Palo Alto, Calif. - Stanford University researchers say they have developed a wound dressing that can significantly reduce scar tissue caused by incisions, Medical News Today reports.

The novel dressing is made of thin, elastic silicone plastic that is stretched over and adhered to the incision after sutures have been removed, according to an article published in the online Annals of Surgery that details results of animal tests and an early clinical trial. As the dressing contracts, it provides uniform compression across the wound.

In tests in pigs, which have skin similar to that of humans, the area of scars caused by roughly 1-inch incisions was reduced sixfold by the stress-shielding device as compared to scars in pigs in a control group. According to the study, the stress-shielded wounds “demonstrated nearly scarless closure” eight weeks after suture removal.

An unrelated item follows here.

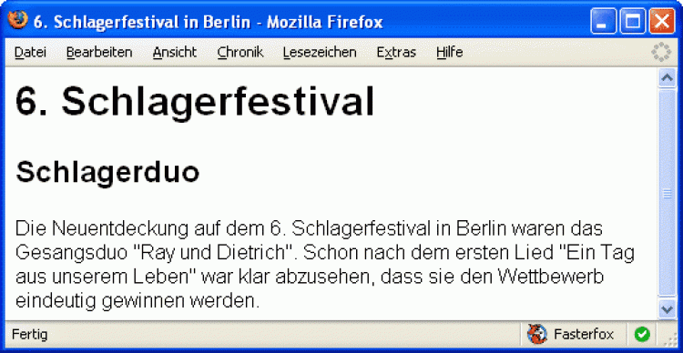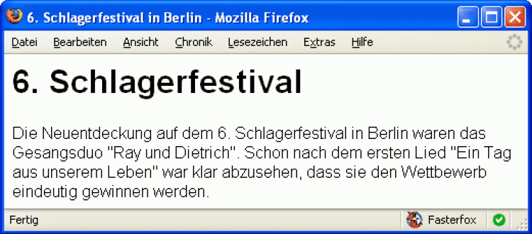 Achtung: Denken Sie daran, die Sonderzeichen zu maskieren!Speichern Sie die Datei unter dem Namen schlager1.html.

Researchers also tested the device on nine female patients who had undergone abdominoplasties, which typically involve high levels of tension across the wound after closure. In this phase of the study, only one side of each patient’s incision was treated with the stress-shielding dressing. Following the procedures, three plastic surgeons unaffiliated with the research, as well as three people not in the medical profession, acted as judges.

On a 100-point scale, the lay panel scored the appearance of stress-shielded wounds an average of 13.2 points higher than the appearance of control wounds. The expert panel scored the appearance of the treated incisions 39.2 points higher. In both of these analyses, the differences between the treated and the control sides were highly significant, the researchers wrote.

“Larger clinical trials are being planned to include greater ethnic diversity within the patient population and to determine the optimal range of stress-shielding forces for anatomic region- and dimension-specific wounds,” the authors wrote.